This problem of non-technical product folks over-promising features is going to get much worse in the age of LLMs. The models are incredibly adept at providing a proof-of-concept. But it's often a monumental endeavour to cross the gap between 70% and 90% accurcacy; 90%-95% even more. This long-tail pain isn't new, but the ability for non-technical folks to poke a model on a chat site and then assume their idea is ready to be deployed to production is a more recent phenomenon.
> The models are incredibly adept at providing a proof-of-concept. But it's often a monumental endeavour to cross the gap
That's not just with LLMs. This has been an Achille's heel of demos for decades.
It's usually quite easy to make a demo of something sexy, but making it ship, is a very, very different thing.
This is made exponentially worse, by managers thinking that the demo means "we're almost ready," and even by the engineers, themselves, who are often not experienced enough to understand that demo != ship. Also, it has been my experience, that researchers that come up with amazing ideas, have absolutely no appreciation for what it takes to turn their ideas into ship product. Since Apple is all about ship product, they have to bridge that gulf. They are trying to commoditize something that is mostly buzz and raw research, right now.
I'm really pretty jaded about ML and LLMs in general, right now. I feel as if a whole bunch of really sexy demos were released, creating a huge level of buzz, but that the shipping product is still a ways off.
I don’t disagree. I do think there will be a tendency to say, “We can do X using AI.” When X can happen, but it isn’t guaranteed to happen by the system.

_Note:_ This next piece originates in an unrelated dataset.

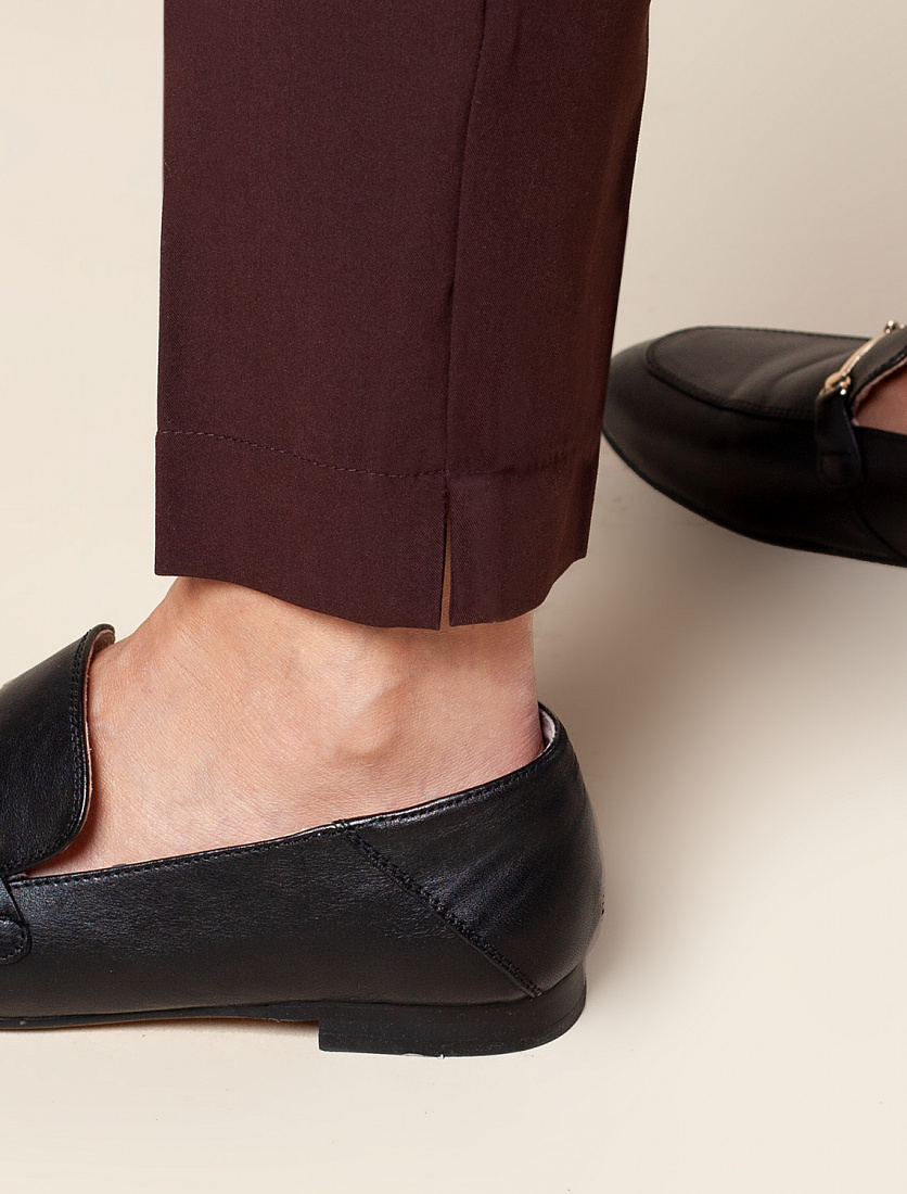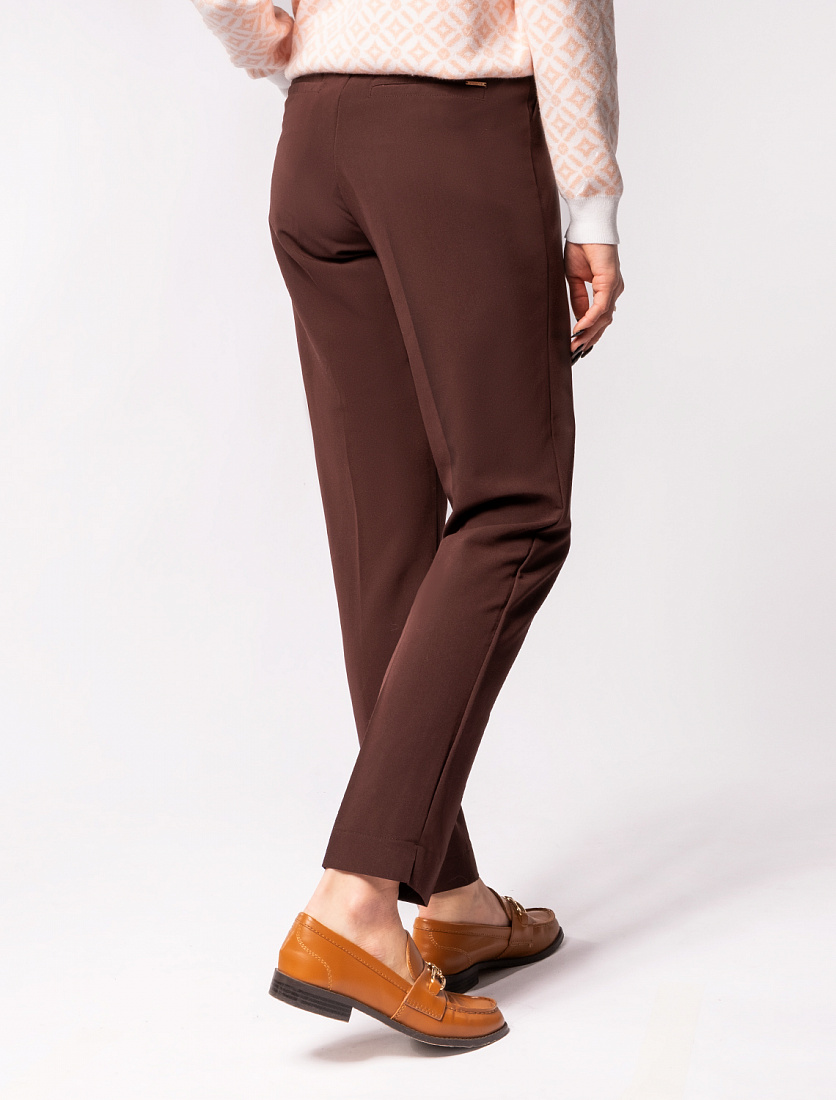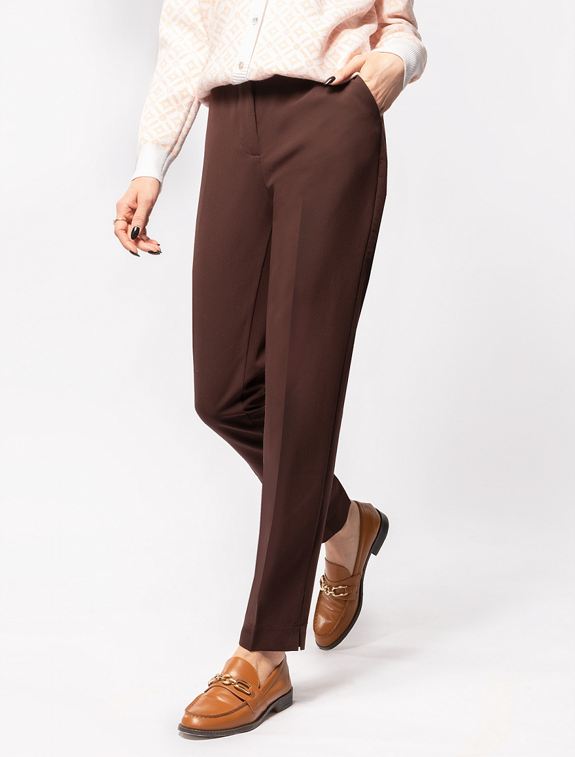 Брюки-дудочки выполнены из эластичной поливискозы, гарантируют непревзойдённый комфорт и формоустойчивость, хорошо тянутся и не мнутся. В таких брюках будет комфортно даже в помещении с отоплением. Благодаря наличию вискозы в ткани тело будет всегда дышать. Стрелки визуально вытягивают силуэт. Посадка на талии. Брюки дополнены двумя боковыми карманами и двумя карманом сзади.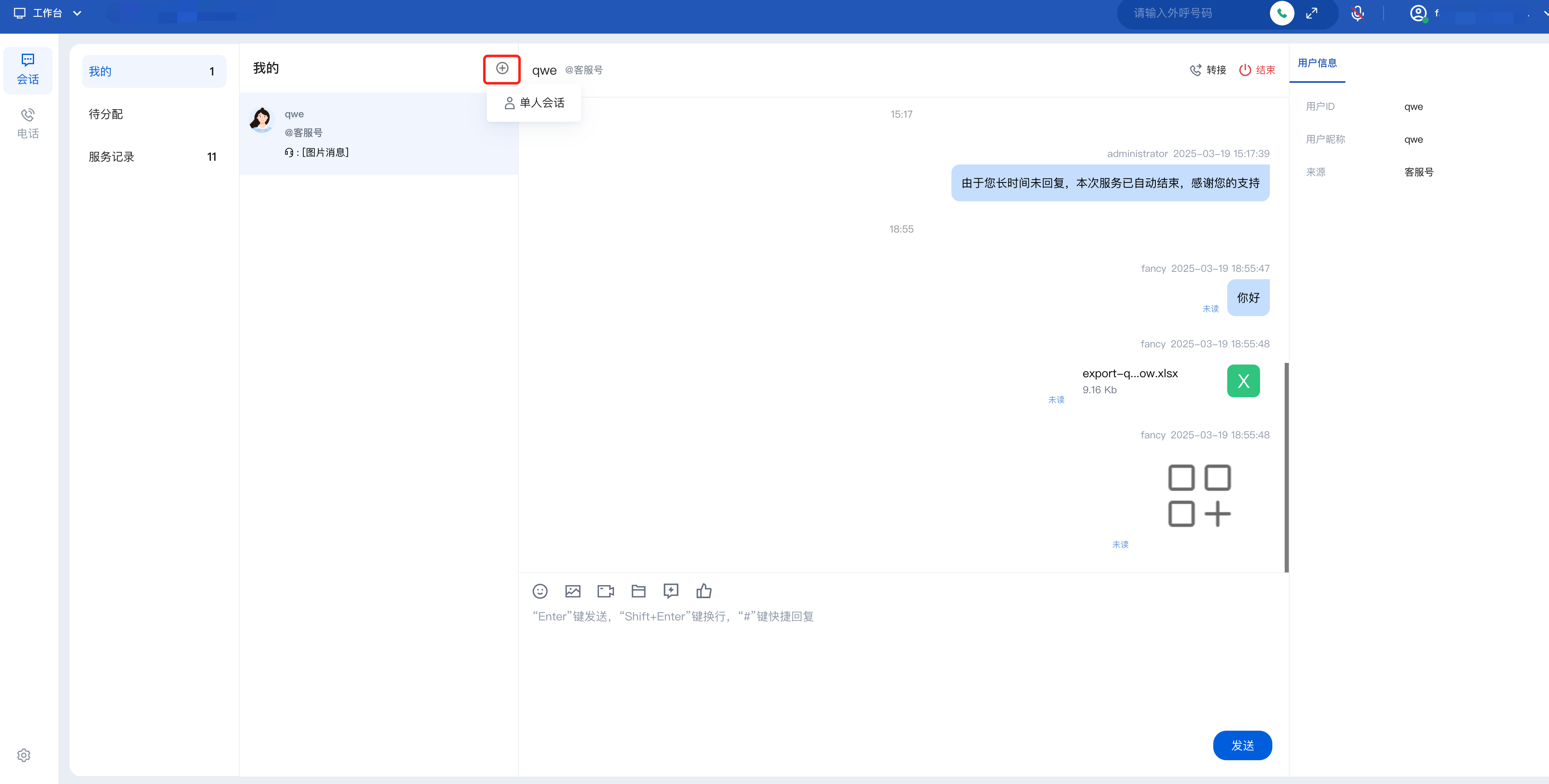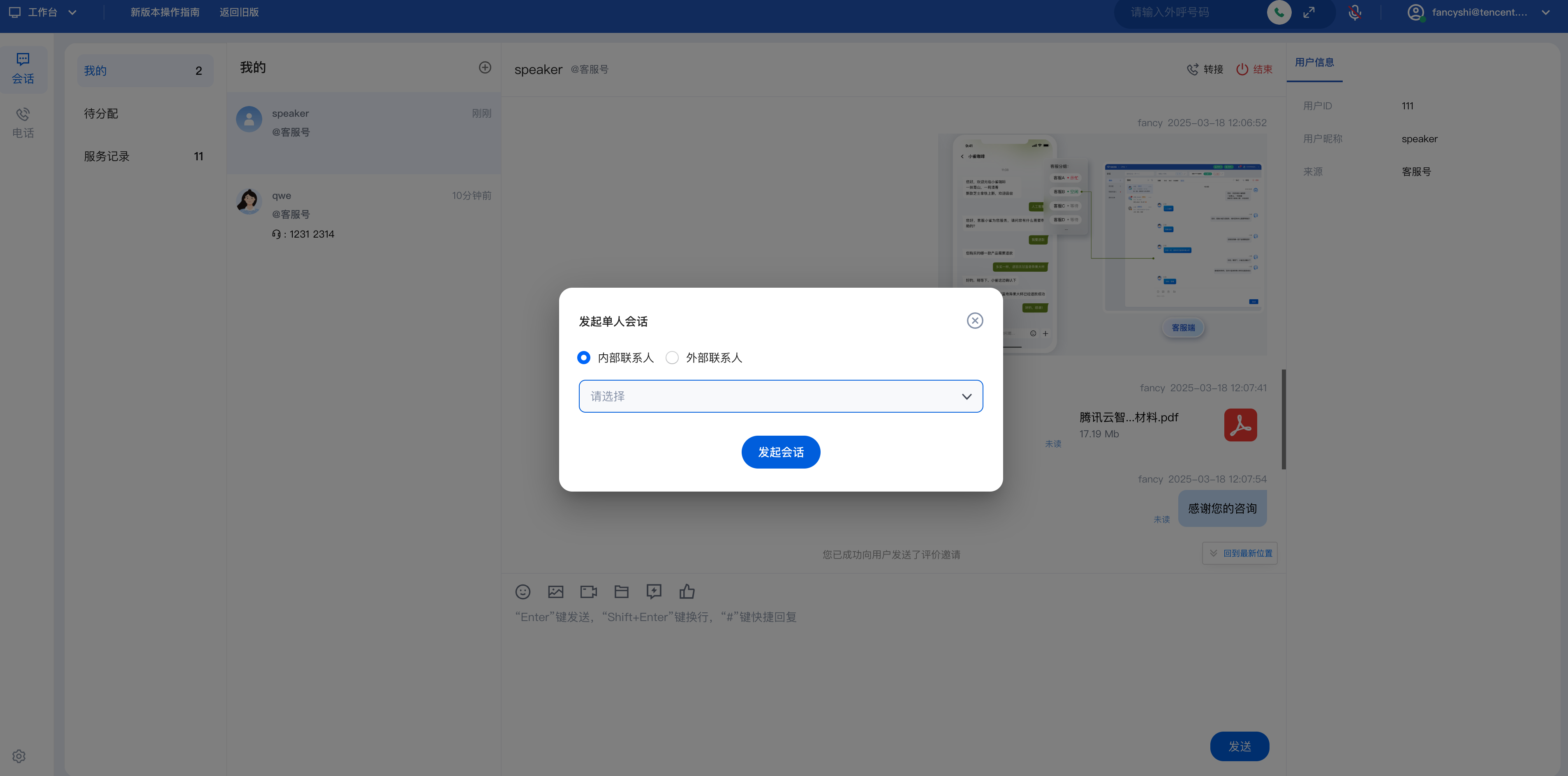 员工之间可发起内部会话,即通过发送文字、图片等方式进行内部沟通。

Here, it doesn’t sound like the features promised were truly demo-able, and when they were they were “not working properly up to a third of the time”.
Having a random CRUD MVP that is 2/3rds done is different than having a SOTA LLM implementation only being 2/3rds reliable. It is a vastly different problem to get from there to the finish line.
But I think marketing types would be equally likely to make promises in both scenarios.
I’m getting this sense too, as my own employer is starting to add AI features. The pitches for what is possible are not grounded in what engineers know the system can do, they’re just assumptions about “if we give the LLM these inputs, we’d expect to see these outputs that are accurate enough for meaningful productivity gains.”
I’m not an AI skeptic, but it’ll be interesting to see how we manage the uncertainty in these projects.